袁熙的表情僵在脸上,眼睛瞪得如同铜铃。
李唯西瞅准时机,立刻出声:“所以,你的父亲最常和你说什么?”
袁熙几乎没有任何迟疑,声音冲出喉咙:“万言万当。”
李唯西心神一颤。
袁熙眼睛晶亮:“我父亲说,别人有难就要挺身而出,不可袖手旁观,不可坐视不救。说一句话,就要抱诚守真,见一个人,就要问心无愧。”
话出口的同时,袁熙堵在胸中的一口气轰然崩解。她缓缓握住杯子,温热的触感温暖着她的掌心。
她对李唯西笑了笑,苍白的笑容里隐着几分宽容。
袁熙缓缓起身,知道自己的咨询时间结束了。李唯西医生引导她自己找出了答案。就算有下一个翟羽佳,她还是会救的。而黎宁、何见月、宋宜珊,仍旧是她最信任的人。
万言万当,父亲为她留下的话,令她没有被打倒。
打开门时,余归晚怔怔站在门口。长身玉立,脊背挺直,他已经站了两个小时。
时值盛夏,走廊外青草茵茵,隐隐听见池塘边的蝉鸣。袁熙走到墙边静默地站着,这次换余归晚进去。

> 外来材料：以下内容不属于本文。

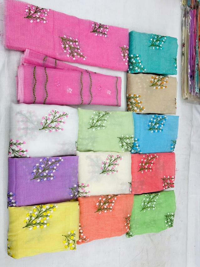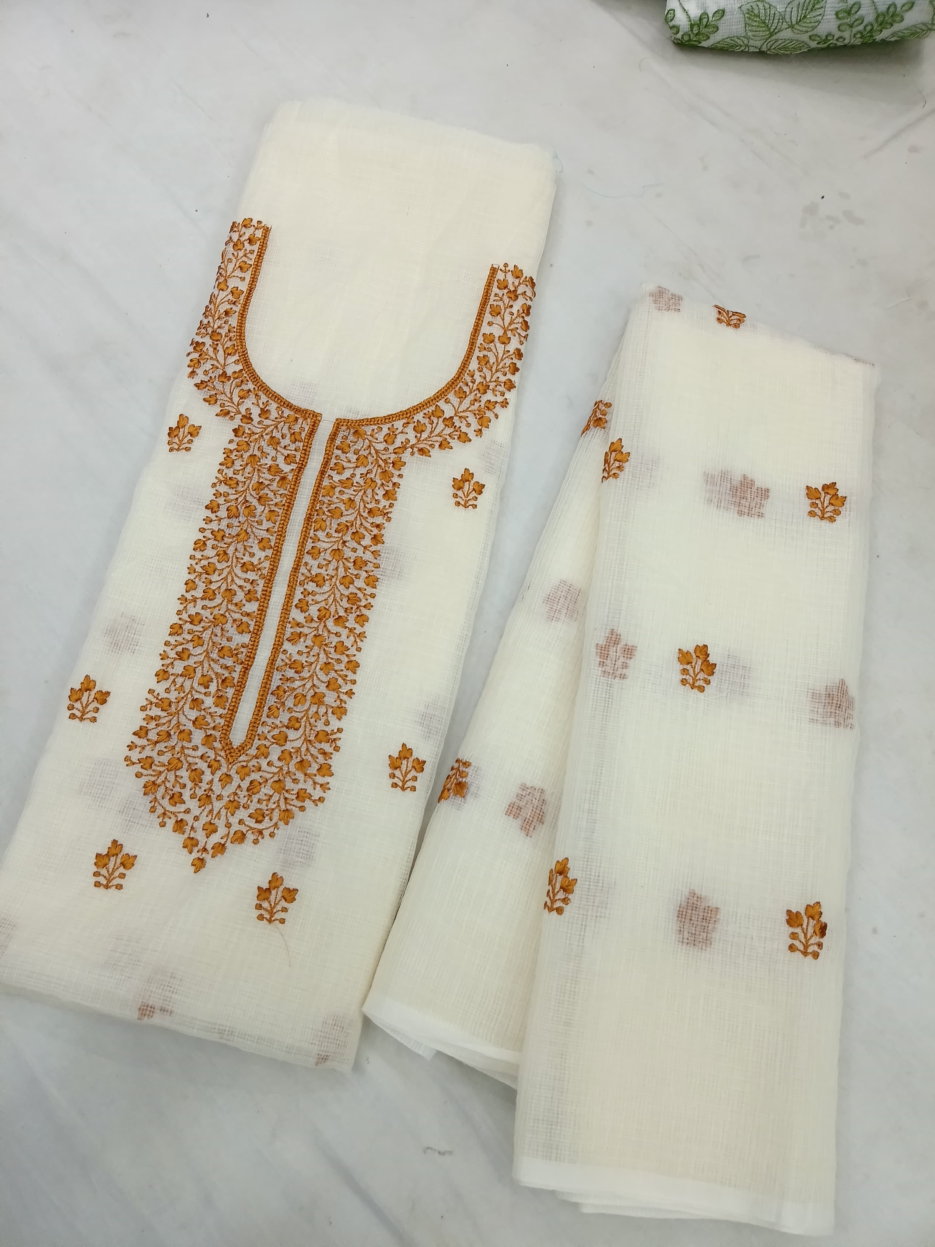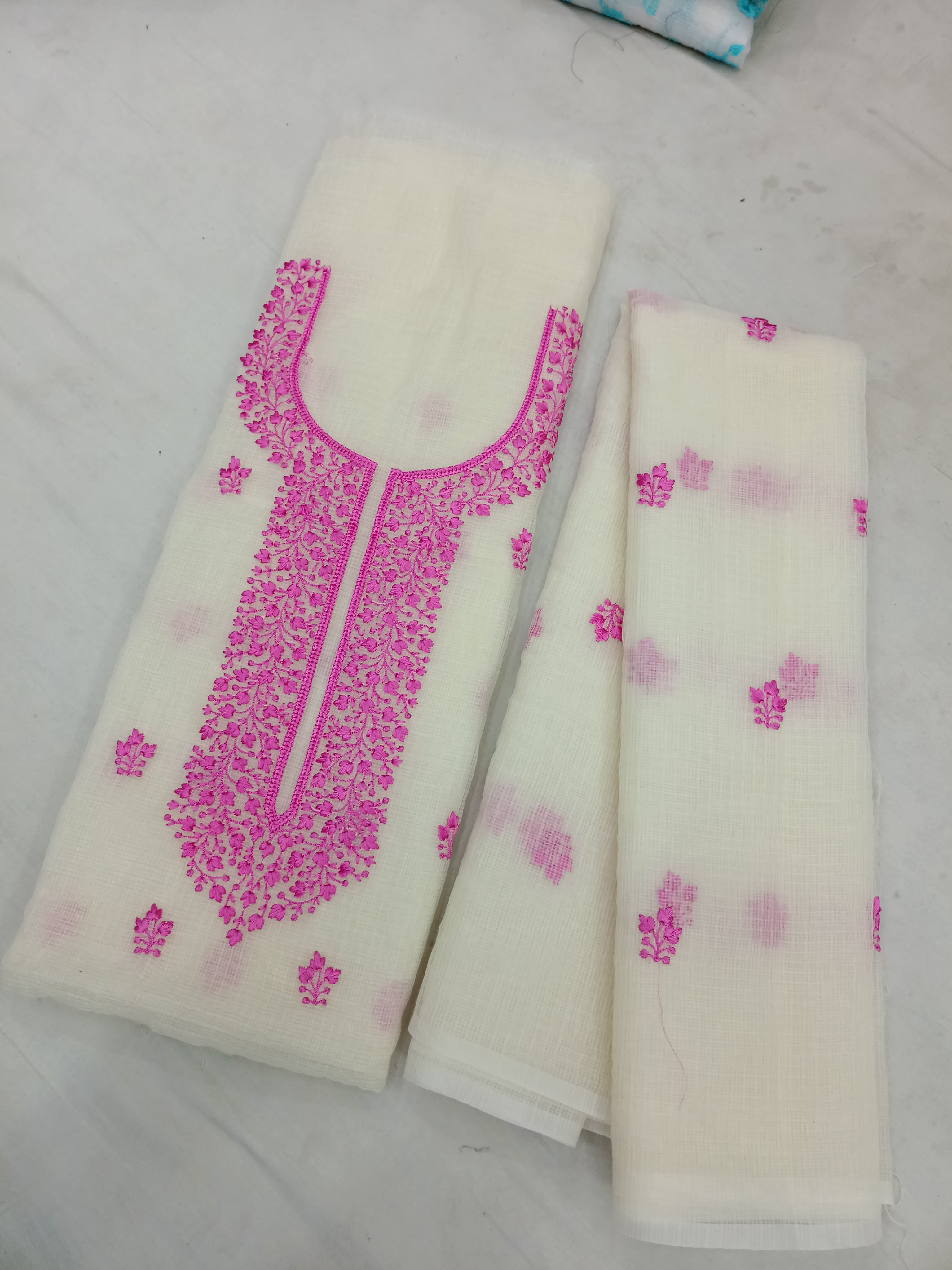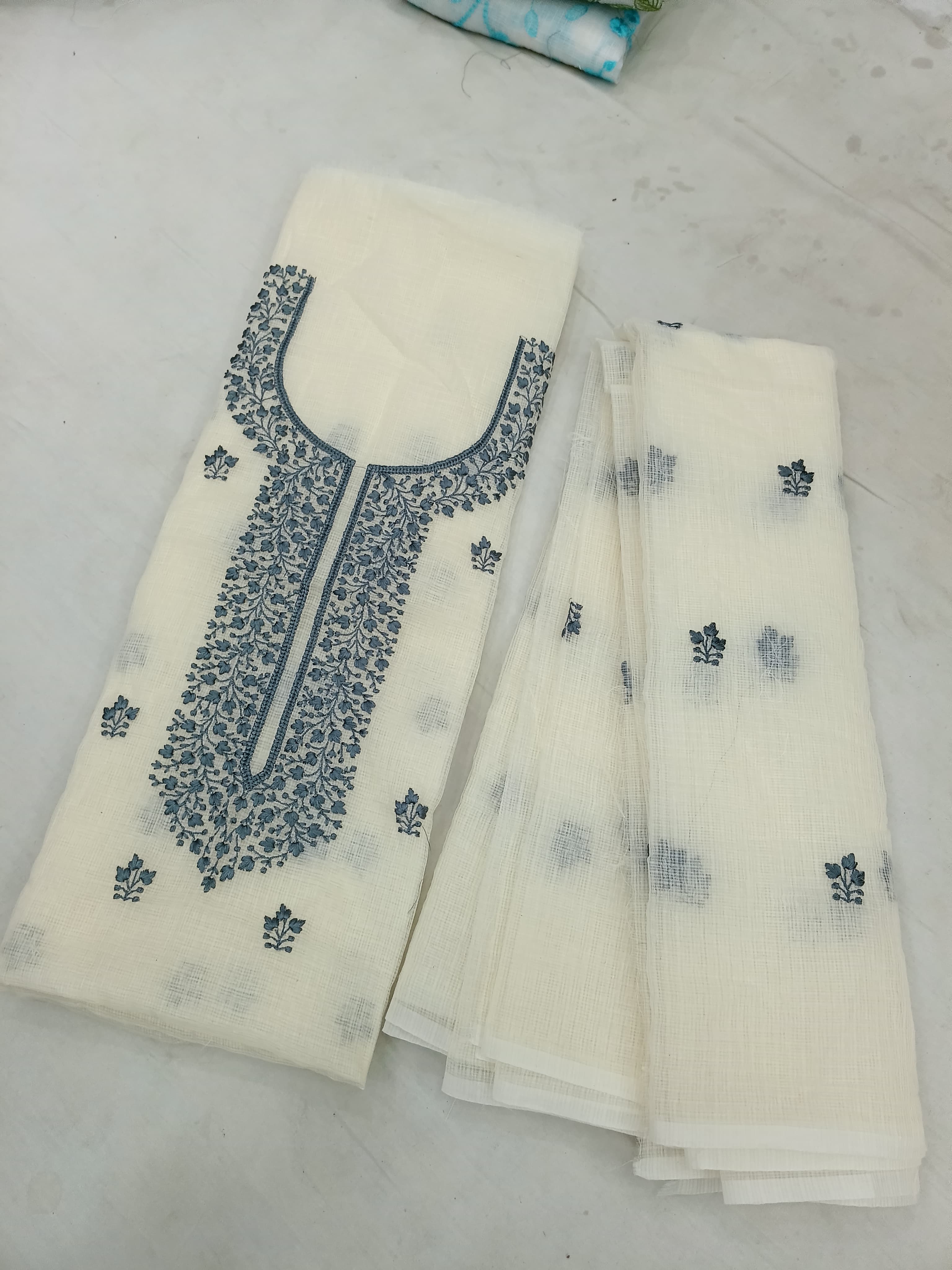 Kota Doria Dupatta and with Kurta set - Jaal work with embroidered pattern

李唯西收拾好桌子,等余归晚关上门,他才出口:“你知道是什么支撑她走到现在吗?”
余归晚弧度分明的脸上多了几分不确定。
李唯西浅浅出声:“是她父亲。”
“她父亲去世了。”余归晚倚在门后,怕袁熙听到任何一个字。
李唯西眼角微扬:“但是她父亲留下的信念没有消失。”
“是什么?”
“万言万当。”
余归晚微怔:“她不知道下一句话吗?”
李唯西笃定:“她知道,但她没说。”
右手下意识磨搓,余归晚眉心紧皱。
李唯西任他这样做,眸光深邃无波:“她的恨没办法自己消失。她也本该仇恨,我不能劝她原谅别人。但是我们都知道,仇恨的底色是失眠,是焦虑,是我执,是不安,当一个人每天都活在勾心斗角和阴谋算计中时,她是不幸的。”
同情的口吻令余归晚心绪复杂:“我还能做什么?”
“星辰大海、遥远梦想救不了她。”李唯西拿出病历,低头写病史,“回去吧,支持她做的一切。”
他给了一个极其确定的答案。余归晚将目光散向窗外,转回头时眼神探究:“你放弃她了?”
李唯西抬头,相比于余归晚清寒的目光,他的眉眼中皆是温柔。
“她有重度抑郁倾向,还会再来的。”
这一句险些将余归晚打倒。他支撑着身体,眼眸拢成一条线,惊讶袁熙的心病竟诱发到这种地步。
门缓缓打开,余归晚沉默地走出咨询室。袁熙疾步上前,声音清澈:“饿了,可以喝你做的鱼片沸腾粥吗?”
他看不出她一点抑郁的样子,目光乍然一痛。她心里的疼痛时时刻刻在折磨着她,这些他全然不知。
他勉励点头,换来袁熙清浅的笑。那是余归晚极为珍视的表情,带着无所顾忌的开心。可惜后来袁熙所有的笑容都成了一种职业式的笑,带着压抑又沉重的包袱。
心理科内窗明几净,李唯西手握钢笔,在病历的最后一行写下:万言万当,不如一默。
他笃定袁熙还会再来,是因为清楚地知道,袁熙还会继续出头、继续拼杀、继续前进。这些都会消耗她,直到她被消耗殆尽为止。
当她一无所有时,就是她最危险的时候。